Tuesday, November 15, 2011

Discipline

I've realized the consequences of staring at the glowing rectangle. Staying up late isn't my thing when I've been goofing off all day. However, I've realized the root of this problem. I don't have many activities after my day. I was forced to not do much because of an ever increasing course load, but still, I need something to do. Mostly, I need discipline. And by the way, I failed my plan. I have used the internet, but have been using it in small intervals and haven't been on it too long. Oh well, what's that stupid excuse of mine supposed to do? If I plan to stop using the internet during the week, it should mean to STOP using it once and for all.

 I. Need. Discipline. Now. I wonder why I'm still like this. Still the miserable failure, except that I can't pull off a pity party anymore. I've failed at attempting not to use the internet so many times that I can't feel bad for what I've done. And after reading several books in the Old Testament talking about God's people turning away from Him and God sending His wrath as a response. I guess I'll never learn. Only if I had something else; something other than nothing or a short activity would be a possible solution. But that cannot be the case. I still have to trust Him, no matter how many times I fail. (And I've failed SO MANY TMES!) But isn't that disrespectful to God? "Dear God, please forgive me for using the internet for the umpteenth time" and then the next day I go back on the internet for x amount of time because of a lack of self control. It's really because of my lack of faith, I believe. The lack of faith that I will be able to restrain myself. The lack of trust in God. The lack of my mind constantly thinking about the consequences. See, when I start to use the internet, my mind shuts off its talking to myself mechanism and I begin to listen to myself. My desires. My wants. My needs. These are all supposed to be God's needs. Not mine.

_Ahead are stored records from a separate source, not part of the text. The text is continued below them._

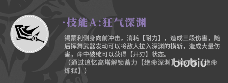 锡蒙利的一技能狂气深渊会用侧身姿态向前发起冲击,消耗耐力进行三段连续斩击。随后,她会奋力挥舞武器,在战场上撕裂出一道深渊将敌人吞噬,并以一记强力的横斩收尾,造成大额输出伤害。
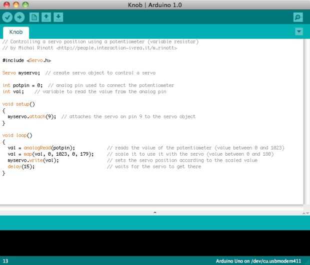 Este programa impulsa un motor servo, por la conexión del motor al pin PWM 9 de Arduino y el potenciómetro analógico 0. El potenciómetro determinará la posición del servo enviando corriente una resistencia variable al puerto A0 en el Arduino, que el código de Arduino interpreta entonces a una señal de pulsos para el servo. Después de carga el sketch a la placa Arduino, el motor girará en base en la posición que el potenciómetro se gira a.
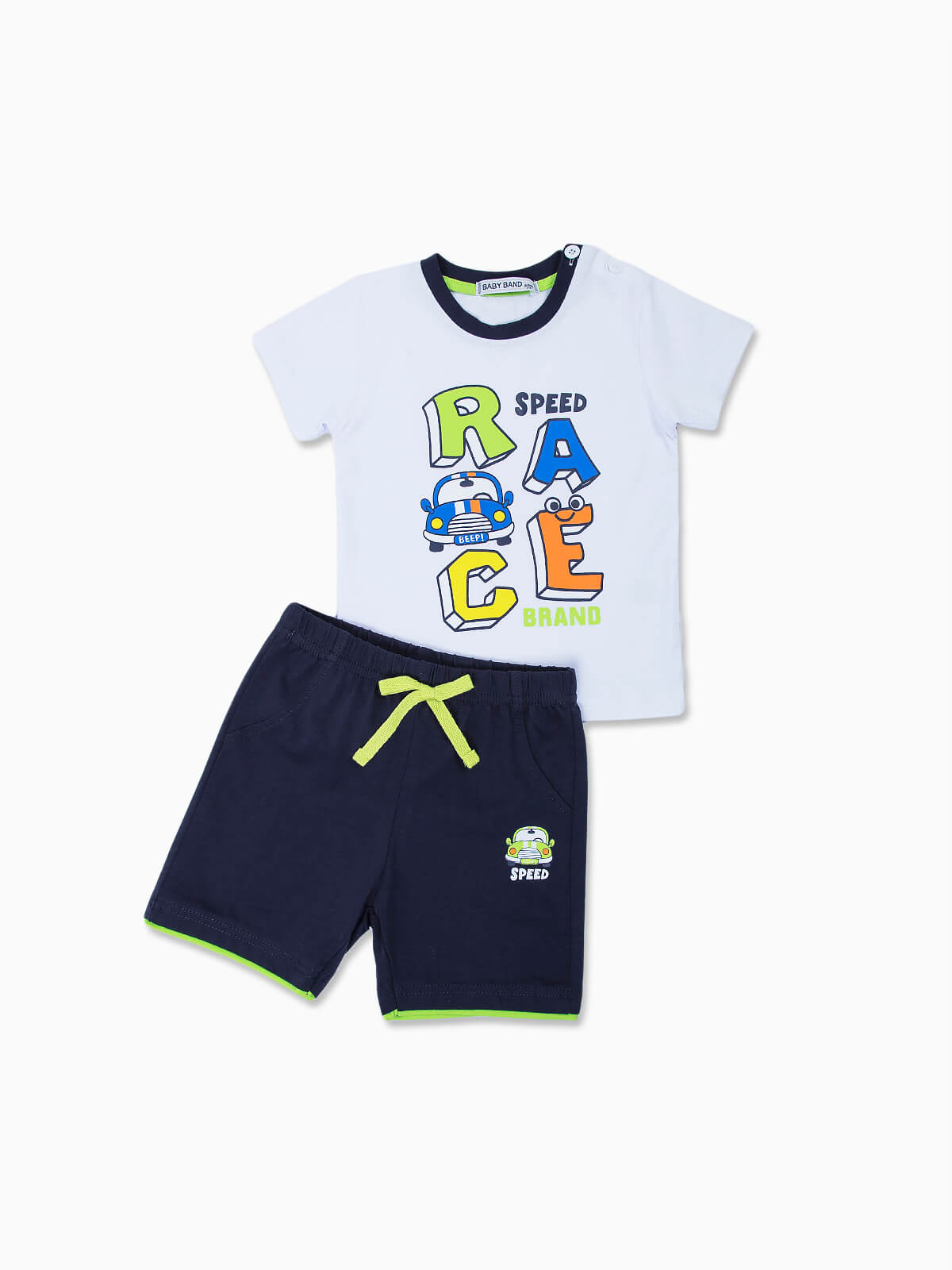 Conjunto composto por 2 peças para bebé menino. T-shirt de manga curta estampada. Gola redonda com aperto de 2 botões. Calções de cintura elástica.

On Sunday, I read something about talking to myself rather than listening to myself. I forgot who it was, but he had written a book, and had talked about the main reason for unhappiness had been because so many times we listen to ourselves rather than talk to ourselves. We yell at ourselves for the terrible things we have done. We listen to ourselves in how entrenched we are in self pity. We listen to ourselves as our impulses and act upon them. Only if we could talk to ourselves, maybe we could stay away from sin. "How would Jesus feel if I did this?" "Wait, Jesus loves me. Why would I want to do something like that?" "Jesus died for me. He loved me so much that he surrendered Himself. He was God in the flesh who let Himself be killed for all mankind. Why am I doing this again?" "Jesus loves me. That means that if I trust Him and give my life to Him that I'm a new creation. I am dearly loved and a part of his Kingdom. I will not engage in self pity." At first, I didn't think very much of it, until the next day when I realized how many times I listen to myself rather than talk to myself. I will change now. I will talk to myself rather than listen. I will discipline myself about the internet. Any work needed to be done online or on the computer will be the only work done until all work is completed. I'm not standing for apathetic sinning and frequent forgiveness followed by no repentance. I do want to change.